### About this exercise
When a record holds a picture, leave the picture out and copy everything else exactly.

Top of Data for this task

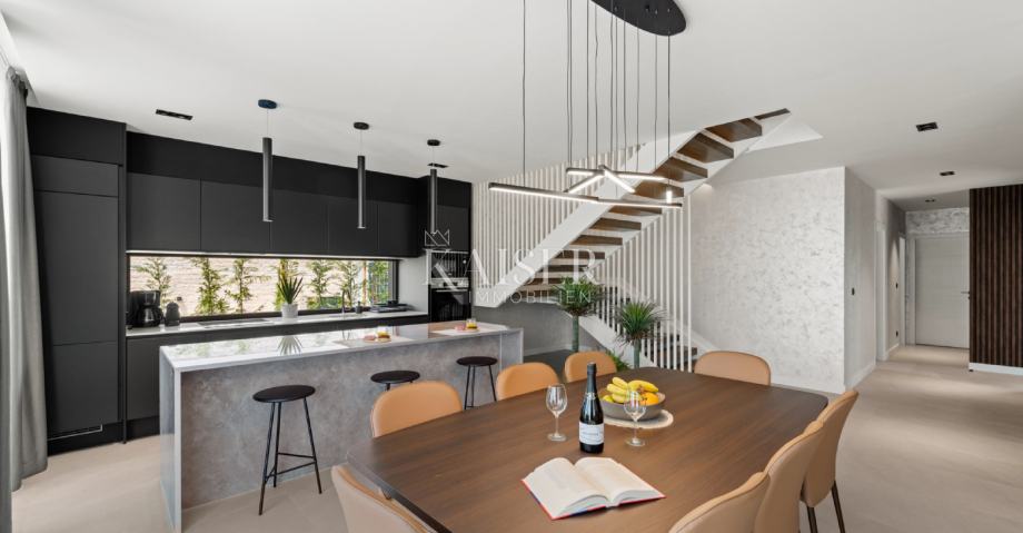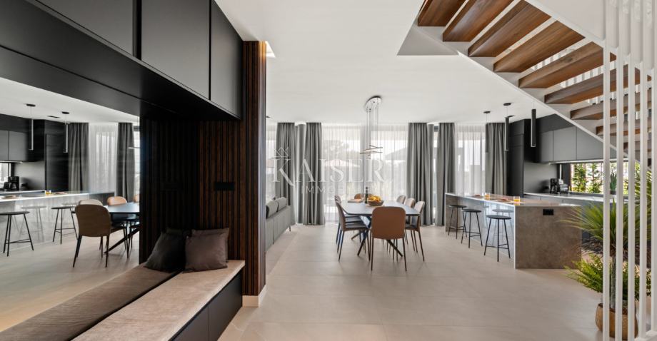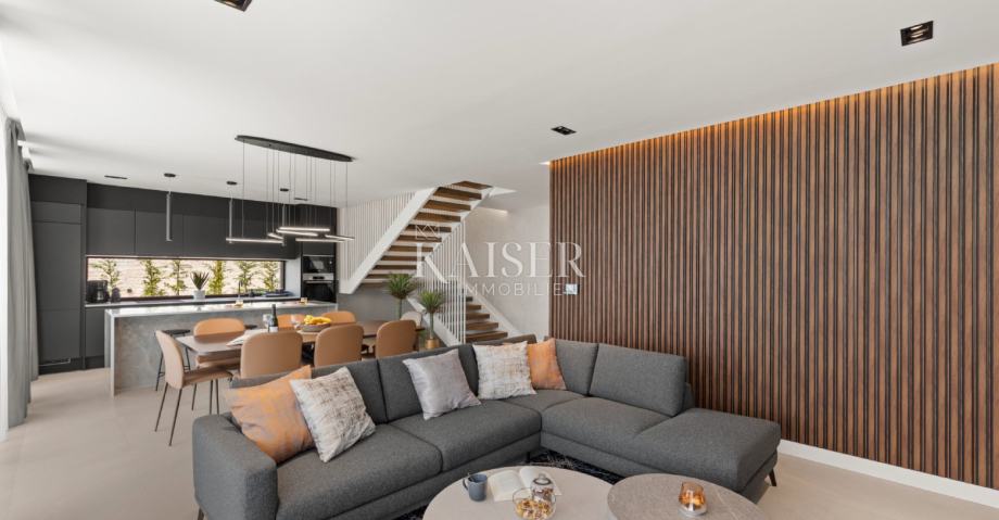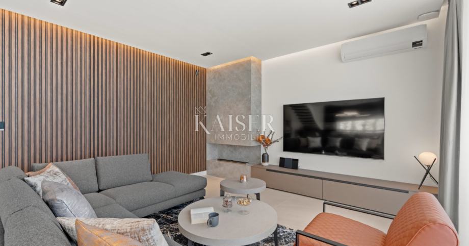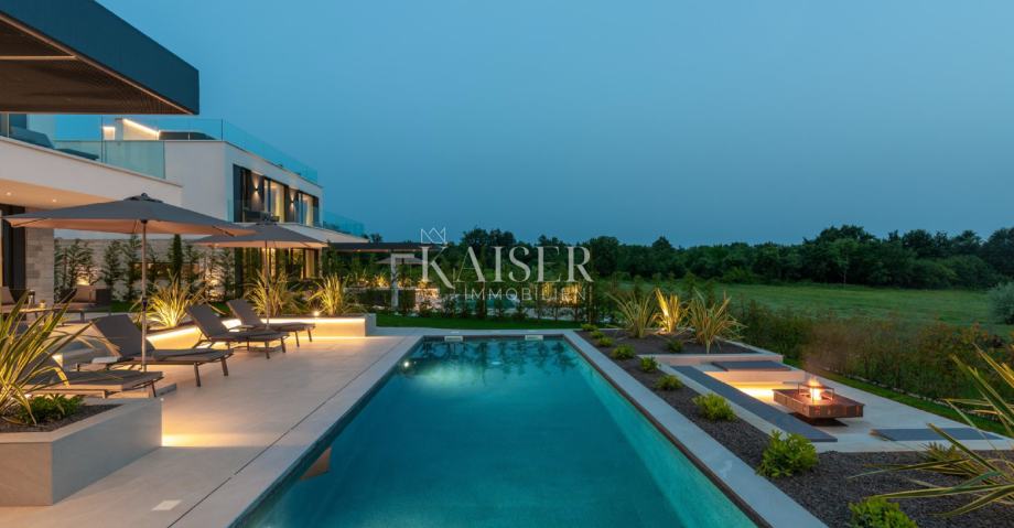 Kaiser Immobilien s ponosom predstavlja moderno in luksuzno samostojno vilo, ki se nahaja le 5 km od mesta Poreč, ki se prodaja popolnoma opremljena. Vila se nahaja v priljubljenem turističnem letovišču v bližini mesta Poreč, obkrožena s popolno naravo, mirom in tišino, pa vendar blizu vseh potrebnih dobrin za življenje. Vila je bila zgrajena z vrhunskimi materiali, s pozornostjo do vsake podrobnosti, da bo življenje v vili čim bolj preprosto in luksuzno za bodočega lastnika. Vila je v celoti opremljena in se kot taka tudi prodaja. Vila vsebuje vse zahteve dovoljenja in jo je možno tudi najeti. Bruto površina vile je: 267 m2 (upoštevane so samo zaprte površine) Neto površina notranje bivalne površine: 204 m2 (zaprta površina) Neto površina pokrite in nepokrite površine: 310 m2 (sončnik, nadstrešek, balkoni, poti, kurišče, strešna terasa in zunanje stopnišče) Parkirišče: vila ima 3 parkirna mesta za avtomobile in eno za kolesa (skupna parkirna površina cca 50 m2) Bazen - 35 m2 vodne površine Energijski razred: A (20 kWh/m2 letno) Etažnost: P+1 (pritličje + nadstropje), grajeno v klasični gradnji. Novogradnja. Pogled na morje. Pritličje obsega predsobo, stopnišče v nadstropje in strešno teraso, dnevno sobo, kuhinjo in jedilnico, spalnico z ločeno kopalnico, dodatno stranišče, kopalnico in savno, tehnične prostore s pralnico in shrambo ter zunanje stranišče, vsaka z ločenim vhodom. V prvem nadstropju je stopnišče, hodnik, tri spalnice z ločenimi kopalnicami in popolnoma opremljena delovna soba. Stopnišče za dostop do strešne terase, ki ima zunanji bar, teraso za sončenje in masažno kad. Okolica obsega zunanji ogrevan bazen, prostor za sončenje, pokrito jedilnico, nadstrešek z letno kuhinjo in nepokrito teraso tik ob bazenu. V spodnjem delu dvorišča je kurišče. Na dvorišču je tudi dizajnerska zunanja prha s toplo vodo in talni odtok. Nosilna konstrukcija glavnega objekta sloni na pasovnih temeljih, zidovi pa so kombinacija opečnih blokov in armiranobetonske konstrukcije. Talne in strešne plošče so iz armiranega betona. Zunanji nadstrešek iz jeklene konstrukcije. Predelne stene so klasično zidane z opečnimi bloki. Nakup električne energije je 18,86 kW – trifazni.
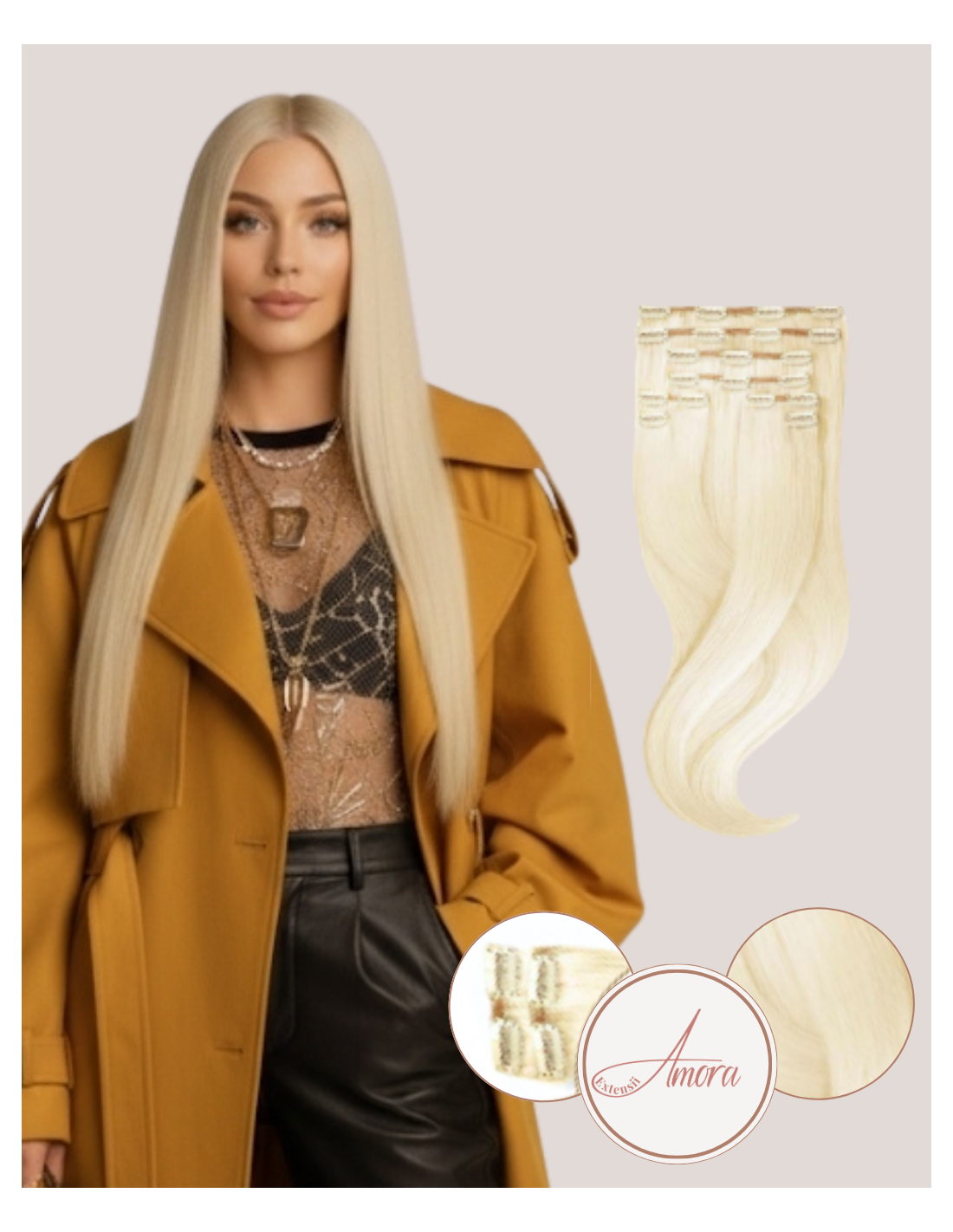 Extensii Clip On Mega Volum Blond Rece Perlat 60
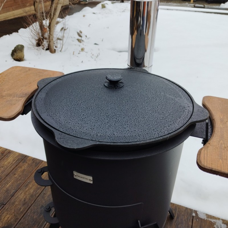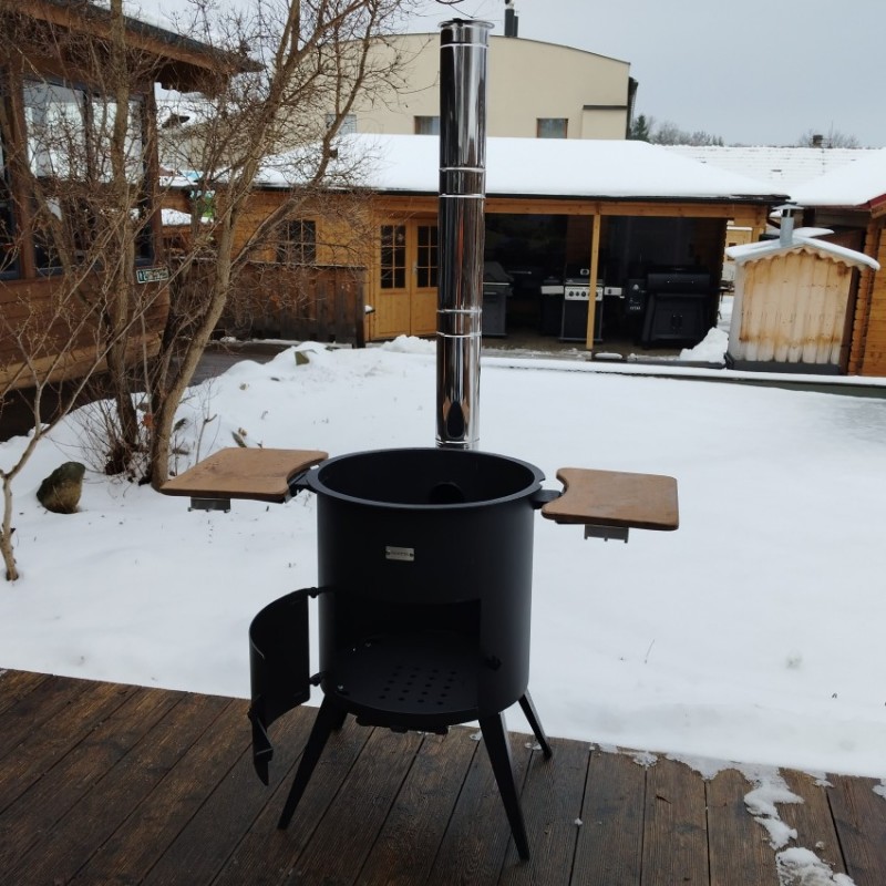 Kotlíkové ohniště PREMIUM s komínem, průměr ohniště na kotlík 50cm + kotlík 50cm/22L, ocelové dvojité dno, 2x boční police.
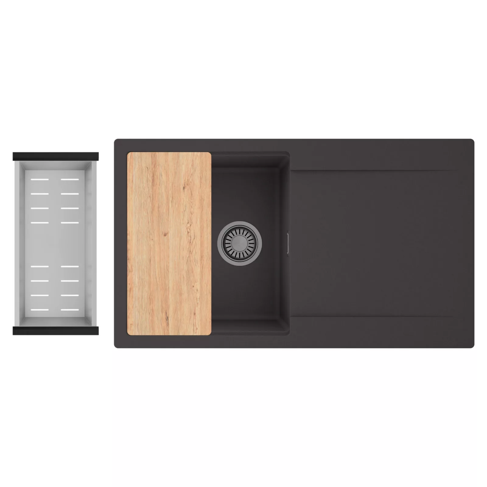 HD Onyx 86 egymedencés mosogatótálca szett, vágódeszkával és csepegtetőkosárral, matt antracit
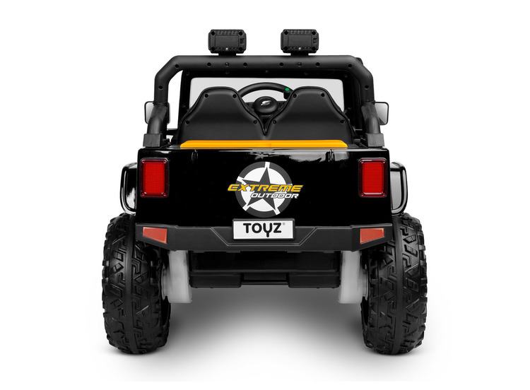 Ringo je terensko vozilo na baterije inspirirano kultnim Jeepom Wranglerom . Njegov neobičan izgled svidjet će se malim vozačima koji sanjaju o svladavanju teških prepreka. Terensku vožnju olakšavaju 4 snažna motora koji pokreću svaki kotač zasebno, udaljenost od tla od 18 centimetara i gume od 30 centimetara s velikim profilom od Kotači od visokokvalitetne EVA pjene . Udobnost vožnje osiguravaju amortizeri na stražnjoj osovini, udobno sjedalo presvučeno eko kožom i glazbena ploča s bluetoothom i usb-om. Lakirana karoserija ovog modela povećava estetsku vrijednost, a večernju vožnju uljepšat će prednje LED svjetlo i 2 prednja svjetla postavljena na prečku. Uvlačive stepenice olakšavaju ulazak manje djece, a njihovu vožnju može kontrolirati roditelj daljinskim upravljačem. Uz nekoliko izmjena, roditelj može koristiti Ringo zajedno sa svojim djetetom!
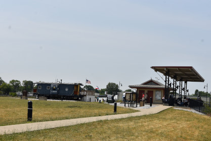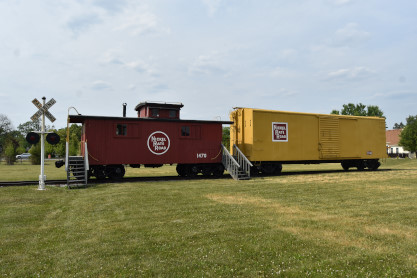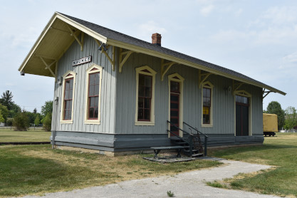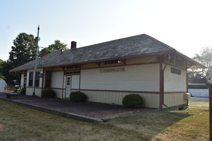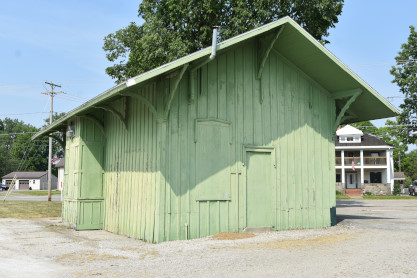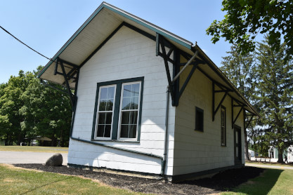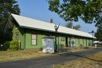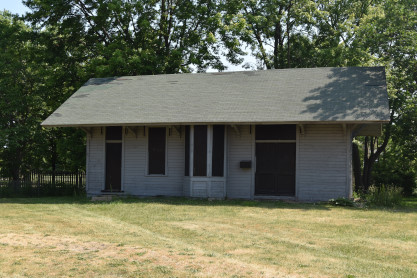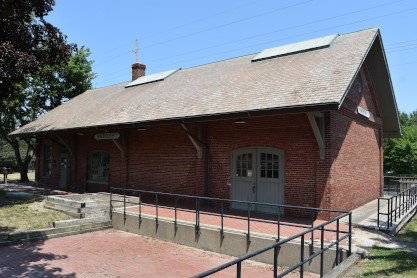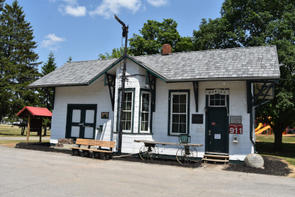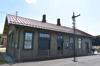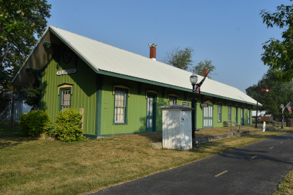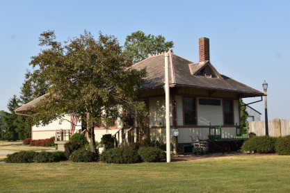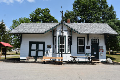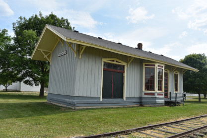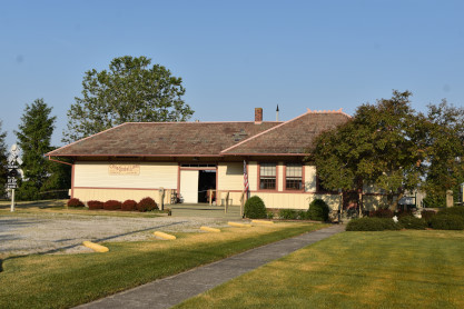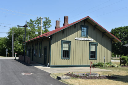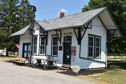 The Pittsburgh, Akron & Western Railroad (later Akron, Canton and Youngstown) station from Greenwich, built in 1982, which is nearly identical to the original one which was destroyed by fire in 1921. After closure in 1967, the depot was moved in 1972 and is now the park office.
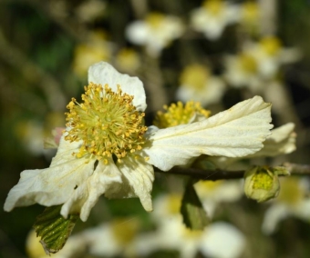 Un grand arbuste (ou petit arbre) très appréciable pour sa floraison très précoce -dès mi-mars, juste avant le débourrement du feuillage - et bien différente des autres espèces de la famille (Hamamelidacées). En culture, il atteint environ 2 m de haut en plusieurs années puis 3 à 4 m une fois adulte. Ses véritables fleurs sont en réalité minuscules mais rassemblées en têtes rondes bien visibles et, surtout, entourées de grandes bractées blanches ressemblant à des pétales. On a l'impression que l'arbuste porte de grosses fleurs blanches à coeur jaune.

Bottom of Data for this task

### Solution below
 Kaiser Immobilien s ponosom predstavlja moderno in luksuzno samostojno vilo, ki se nahaja le 5 km od mesta Poreč, ki se prodaja popolnoma opremljena. Vila se nahaja v priljubljenem turističnem letovišču v bližini mesta Poreč, obkrožena s popolno naravo, mirom in tišino, pa vendar blizu vseh potrebnih dobrin za življenje. Vila je bila zgrajena z vrhunskimi materiali, s pozornostjo do vsake podrobnosti, da bo življenje v vili čim bolj preprosto in luksuzno za bodočega lastnika. Vila je v celoti opremljena in se kot taka tudi prodaja. Vila vsebuje vse zahteve dovoljenja in jo je možno tudi najeti. Bruto površina vile je: 267 m2 (upoštevane so samo zaprte površine) Neto površina notranje bivalne površine: 204 m2 (zaprta površina) Neto površina pokrite in nepokrite površine: 310 m2 (sončnik, nadstrešek, balkoni, poti, kurišče, strešna terasa in zunanje stopnišče) Parkirišče: vila ima 3 parkirna mesta za avtomobile in eno za kolesa (skupna parkirna površina cca 50 m2) Bazen - 35 m2 vodne površine Energijski razred: A (20 kWh/m2 letno) Etažnost: P+1 (pritličje + nadstropje), grajeno v klasični gradnji. Novogradnja. Pogled na morje. Pritličje obsega predsobo, stopnišče v nadstropje in strešno teraso, dnevno sobo, kuhinjo in jedilnico, spalnico z ločeno kopalnico, dodatno stranišče, kopalnico in savno, tehnične prostore s pralnico in shrambo ter zunanje stranišče, vsaka z ločenim vhodom. V prvem nadstropju je stopnišče, hodnik, tri spalnice z ločenimi kopalnicami in popolnoma opremljena delovna soba. Stopnišče za dostop do strešne terase, ki ima zunanji bar, teraso za sončenje in masažno kad. Okolica obsega zunanji ogrevan bazen, prostor za sončenje, pokrito jedilnico, nadstrešek z letno kuhinjo in nepokrito teraso tik ob bazenu. V spodnjem delu dvorišča je kurišče. Na dvorišču je tudi dizajnerska zunanja prha s toplo vodo in talni odtok. Nosilna konstrukcija glavnega objekta sloni na pasovnih temeljih, zidovi pa so kombinacija opečnih blokov in armiranobetonske konstrukcije. Talne in strešne plošče so iz armiranega betona. Zunanji nadstrešek iz jeklene konstrukcije. Predelne stene so klasično zidane z opečnimi bloki. Nakup električne energije je 18,86 kW – trifazni.
 Extensii Clip On Mega Volum Blond Rece Perlat 60
 Kotlíkové ohniště PREMIUM s komínem, průměr ohniště na kotlík 50cm + kotlík 50cm/22L, ocelové dvojité dno, 2x boční police.
 HD Onyx 86 egymedencés mosogatótálca szett, vágódeszkával és csepegtetőkosárral, matt antracit
 Ringo je terensko vozilo na baterije inspirirano kultnim Jeepom Wranglerom . Njegov neobičan izgled svidjet će se malim vozačima koji sanjaju o svladavanju teških prepreka. Terensku vožnju olakšavaju 4 snažna motora koji pokreću svaki kotač zasebno, udaljenost od tla od 18 centimetara i gume od 30 centimetara s velikim profilom od Kotači od visokokvalitetne EVA pjene . Udobnost vožnje osiguravaju amortizeri na stražnjoj osovini, udobno sjedalo presvučeno eko kožom i glazbena ploča s bluetoothom i usb-om. Lakirana karoserija ovog modela povećava estetsku vrijednost, a večernju vožnju uljepšat će prednje LED svjetlo i 2 prednja svjetla postavljena na prečku. Uvlačive stepenice olakšavaju ulazak manje djece, a njihovu vožnju može kontrolirati roditelj daljinskim upravljačem. Uz nekoliko izmjena, roditelj može koristiti Ringo zajedno sa svojim djetetom!
 The Pittsburgh, Akron & Western Railroad (later Akron, Canton and Youngstown) station from Greenwich, built in 1982, which is nearly identical to the original one which was destroyed by fire in 1921. After closure in 1967, the depot was moved in 1972 and is now the park office.
 Un grand arbuste (ou petit arbre) très appréciable pour sa floraison très précoce -dès mi-mars, juste avant le débourrement du feuillage - et bien différente des autres espèces de la famille (Hamamelidacées). En culture, il atteint environ 2 m de haut en plusieurs années puis 3 à 4 m une fois adulte. Ses véritables fleurs sont en réalité minuscules mais rassemblées en têtes rondes bien visibles et, surtout, entourées de grandes bractées blanches ressemblant à des pétales. On a l'impression que l'arbuste porte de grosses fleurs blanches à coeur jaune.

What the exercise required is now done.